2025/09/22 by Sanju Xaviar, Omid Ardakanian, Xaviar, Sanju +1
Computer Science · #Anomaly Detection Techniques and Applications #Network Security and Intrusion Detection #Security in Wireless Sensor Networks #cs.LG

paper · pdf · doi:10.48550/arxiv.2509.17987

openalex publication_date 2025/09/22 · openalex created_date 2025/10/16 · openalex updated_date 2026/07/28

Abstract

Graph Neural Networks (GNNs) have emerged as powerful models for anomaly detection in sensor networks, particularly when analyzing multivariate time series. In this work, we introduce BETA, a novel indirect evasion attack targeting such GNN-based detectors, where the attacker is constrained to perturb sensor readings from a limited set of nodes, excluding the target sensor, with the goal of either suppressing a true anomaly or triggering a false alarm at the target node.
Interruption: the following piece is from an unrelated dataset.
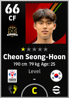 . Cheon Seong-Hoon is a Center Forward footballer from Korea Republic who plays for Seoul Br in eFootball 2026.
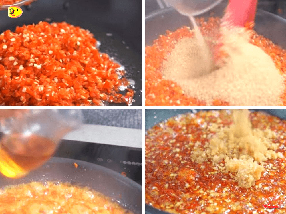 • Bước 4: Bắc chảo nóng, rót vào 2 muỗng canh dầu ăn, cho 15gr tỏi băm vào phi thơm. Sau đó cho hết số ớt vừa xay vào. Thêm 150gr đường, 2 muỗng cà phê muối rồi đảo đều tay cho đường tan hết.

BETA uses a graph explanatory model combined with a centrality-based pruning strategy to identify the most influential nodes, subsequently injecting carefully crafted adversarial perturbations into their features. Extensive experiments on three real-world sensor network datasets show that BETA consistently outperforms baseline attack strategies while operating under realistic constraints, reducing the F1-score of state-of-the-art GNN-based detectors by 36.07 to 50.45% on average.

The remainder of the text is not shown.